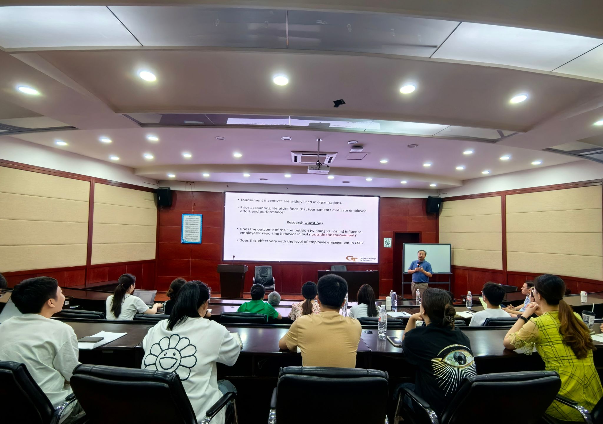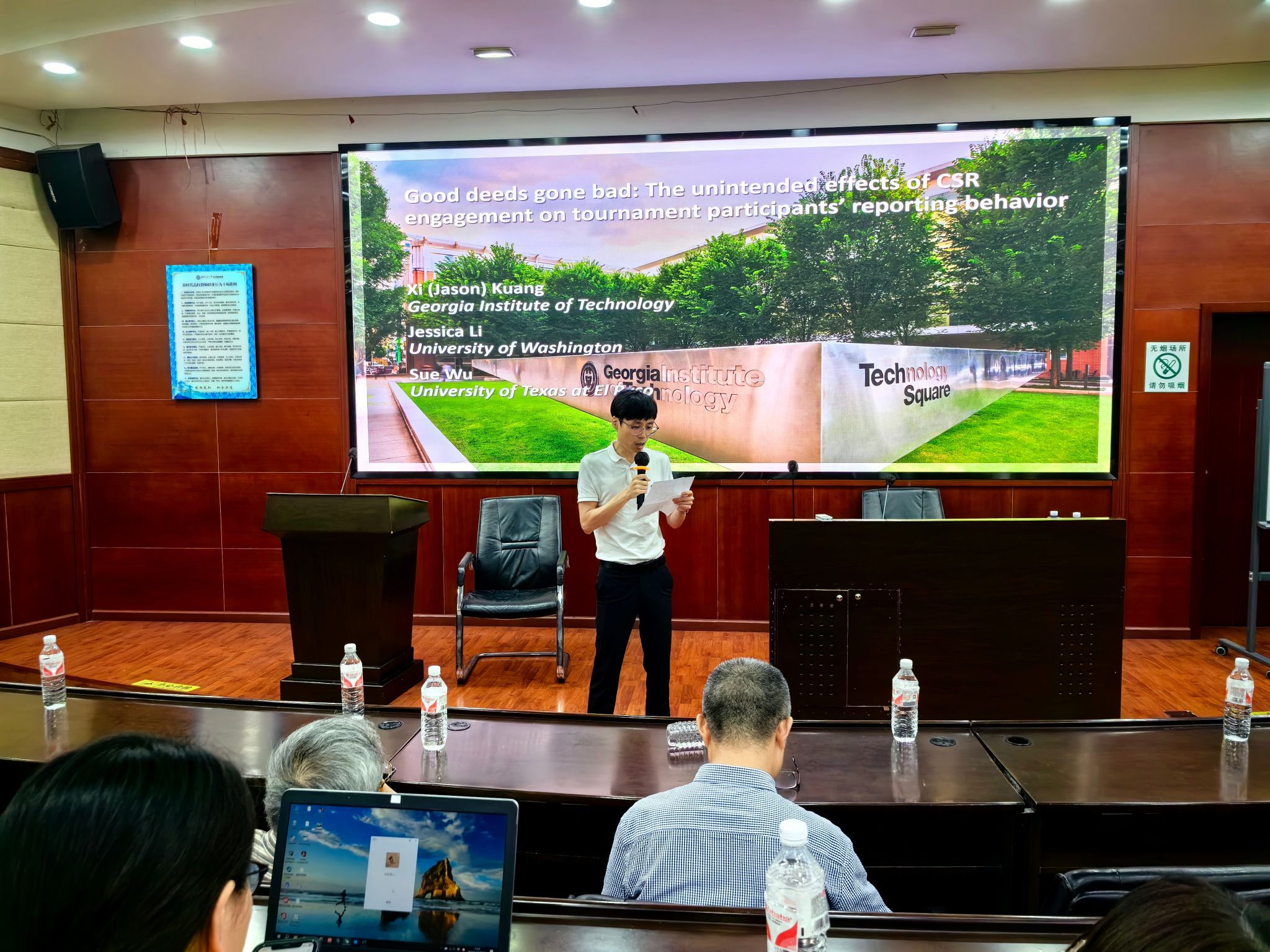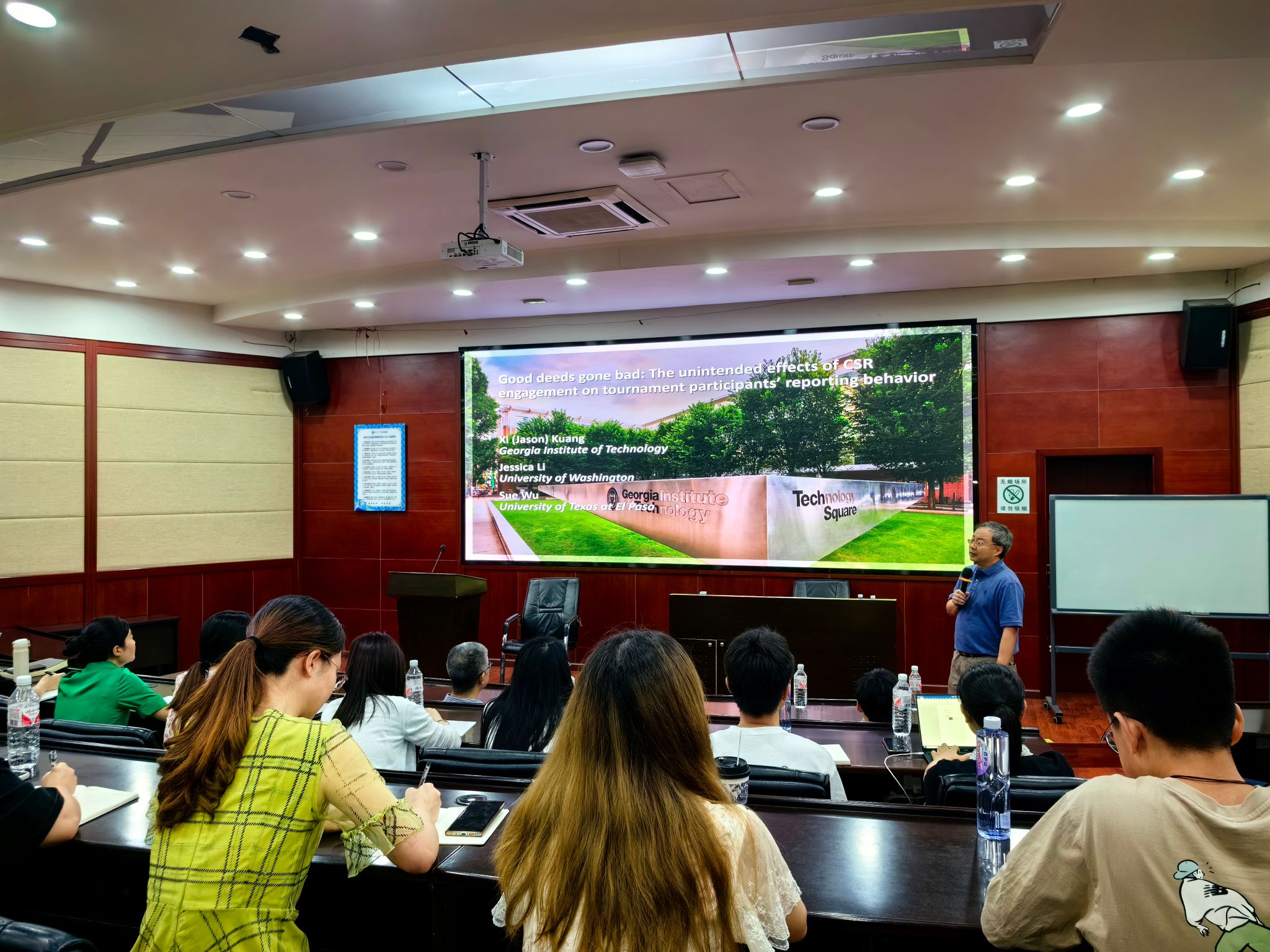 2024年6月28日下午,美国佐治亚理工学院况熙教授应邀在HAHA体育开展题为“Good deeds gone bad: The unintended effects of CSR engagement on tournament participants’ reporting behavior”的学术报告,副经理马锋主持了此次学术讲座,学院部分教师及研究生参加了此次活动。副经理马锋介绍了况熙教授的学术背景及研究成果,并对况熙教授的到来表示热烈的欢迎和诚挚的感谢。
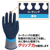 特殊すべり止め加工で、濡れた環境でも優れたグリップ力を発揮します。
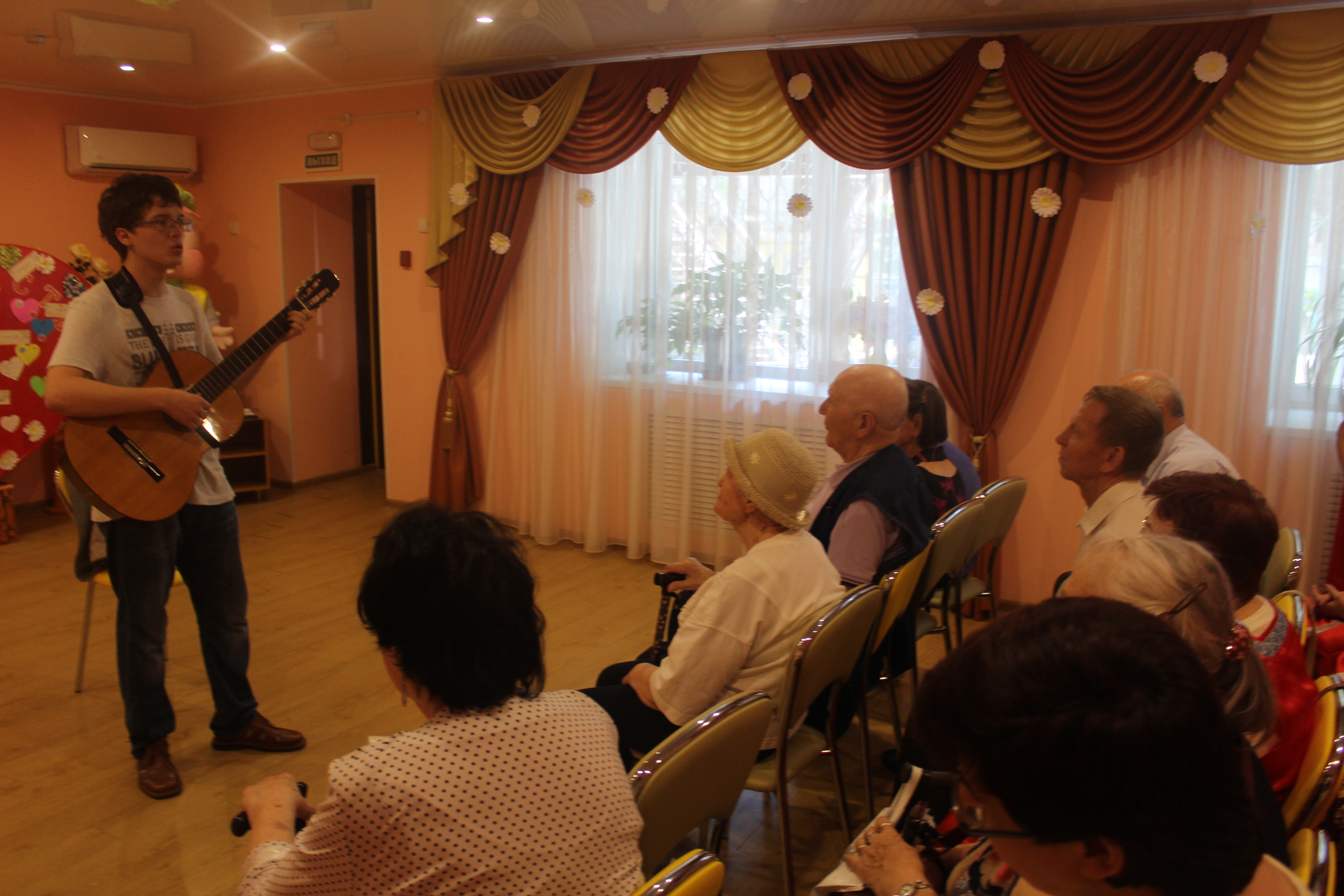 На мероприятие была приглашена одна пожилая семейная пара, которая прожила вместе 68 лет- Николай Владимирович и Валентина Ивановна Устиновы. В их честь была исполнена песня студентами из Рост ГМУ –«Вечная любовь». Также, бард из ЦГБ им. М. Горького Дмитрий Ханин исполнил авторскую песню про счастливую семейную жизнь- «Оладьи».
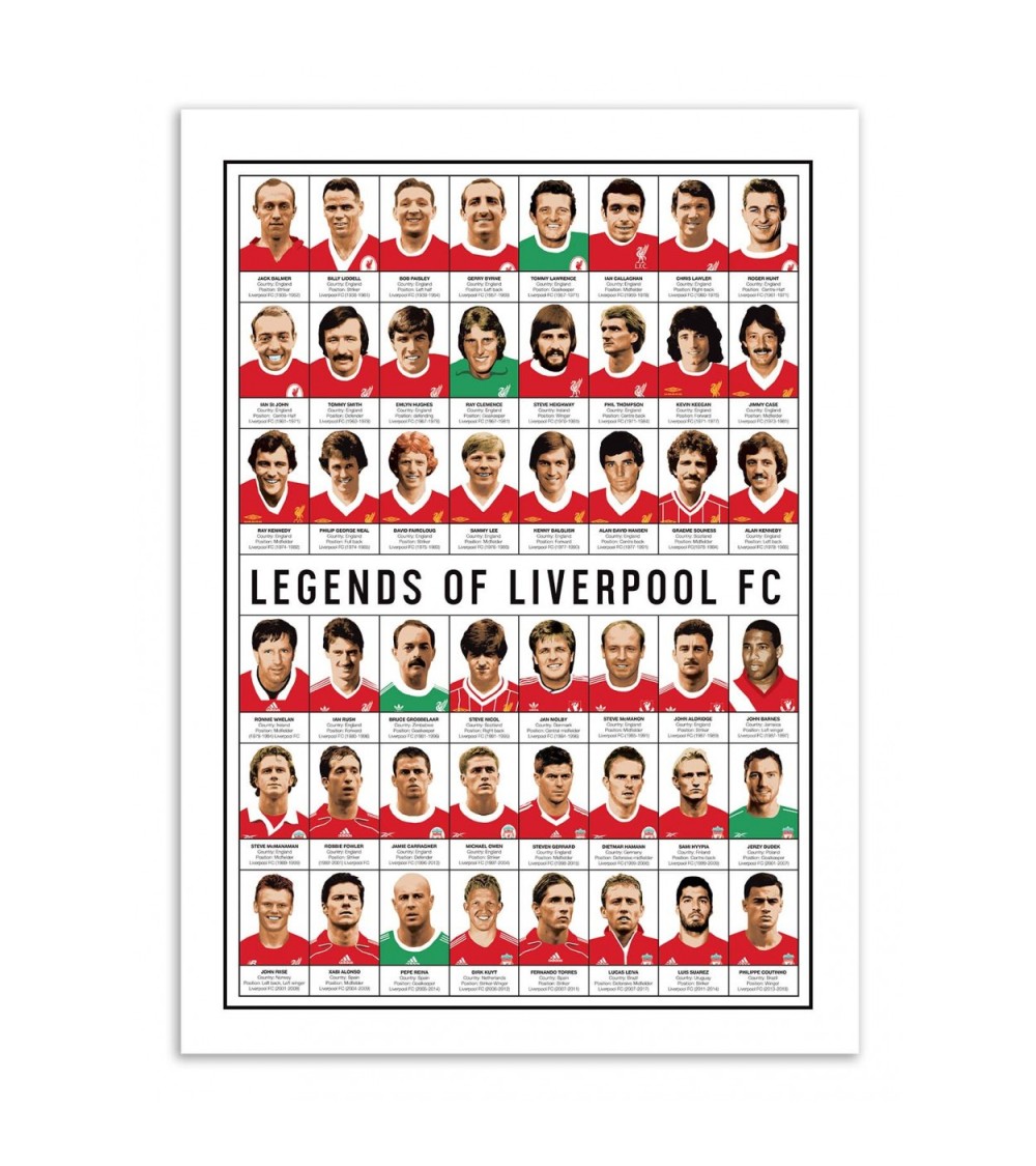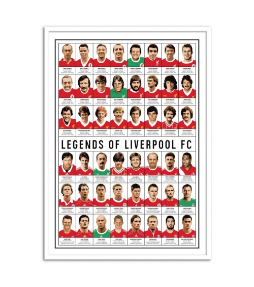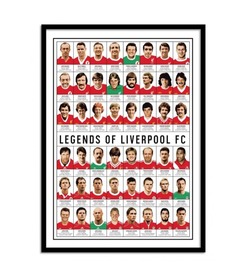 LES AFFICHES - Nos affiches sont imprimées en France, ou Union Européenne.Papier issu de forêts certifiées FSC.Affiche imprimée sur papier couché mat 250g, Haute Définition.Pour les formats d'affiches 30x40 cm - contient des marges blanches de 1,5 cm.Pour les formats d'affiches 50x70 cm - contient des marges blanches de 2 cm.OPTION CADRES - Nos cadres en bois sont fabriqués en France.Comprend une vitre en verre acrylique.Dimensions des cadres en bois 30x40 cm - Epaisseur du cadre - 15 mm, Profondeur du cadre - 20 mmDimensions des cadres en bois 50x70 cm - Epaisseur du cadre - 15 mm. Profondeur du cadre - 20 mm. Découvrez cette mozaïque de 48 footballeurs mythiques de Liverpool sur une seule affiche. Olivier Bourdereau expose ces joueurs cultes comme Gerrard, Owen, Xabi Alonso, et bien d'autres, dans une composition de type encyclopédique où l'on retrouve les informations importantes de nos athletes préférés. Convient parfaitement à tous les fans de Foot !
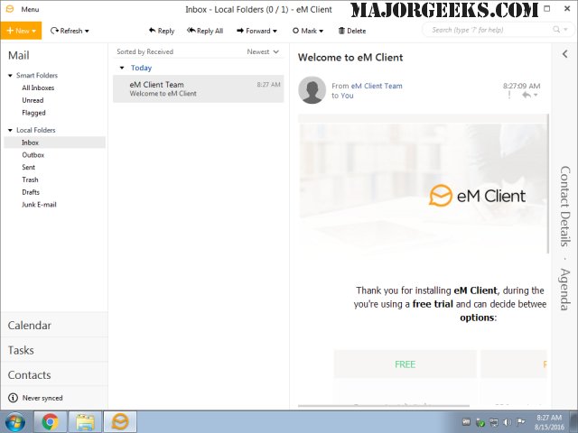 eM Client is a feature-rich email client that includes a modern, easy-to-use interface and offers a calendar, tasks, chat, contacts, and more.

************

» **Aim of the exercise**: Copy the records exactly; no image should appear in the result.

» **Written solution**:
 2024年6月28日下午,美国佐治亚理工学院况熙教授应邀在HAHA体育开展题为“Good deeds gone bad: The unintended effects of CSR engagement on tournament participants’ reporting behavior”的学术报告,副经理马锋主持了此次学术讲座,学院部分教师及研究生参加了此次活动。副经理马锋介绍了况熙教授的学术背景及研究成果,并对况熙教授的到来表示热烈的欢迎和诚挚的感谢。
 特殊すべり止め加工で、濡れた環境でも優れたグリップ力を発揮します。
 На мероприятие была приглашена одна пожилая семейная пара, которая прожила вместе 68 лет- Николай Владимирович и Валентина Ивановна Устиновы. В их честь была исполнена песня студентами из Рост ГМУ –«Вечная любовь». Также, бард из ЦГБ им. М. Горького Дмитрий Ханин исполнил авторскую песню про счастливую семейную жизнь- «Оладьи».
 LES AFFICHES - Nos affiches sont imprimées en France, ou Union Européenne.Papier issu de forêts certifiées FSC.Affiche imprimée sur papier couché mat 250g, Haute Définition.Pour les formats d'affiches 30x40 cm - contient des marges blanches de 1,5 cm.Pour les formats d'affiches 50x70 cm - contient des marges blanches de 2 cm.OPTION CADRES - Nos cadres en bois sont fabriqués en France.Comprend une vitre en verre acrylique.Dimensions des cadres en bois 30x40 cm - Epaisseur du cadre - 15 mm, Profondeur du cadre - 20 mmDimensions des cadres en bois 50x70 cm - Epaisseur du cadre - 15 mm. Profondeur du cadre - 20 mm. Découvrez cette mozaïque de 48 footballeurs mythiques de Liverpool sur une seule affiche. Olivier Bourdereau expose ces joueurs cultes comme Gerrard, Owen, Xabi Alonso, et bien d'autres, dans une composition de type encyclopédique où l'on retrouve les informations importantes de nos athletes préférés. Convient parfaitement à tous les fans de Foot !
 eM Client is a feature-rich email client that includes a modern, easy-to-use interface and offers a calendar, tasks, chat, contacts, and more.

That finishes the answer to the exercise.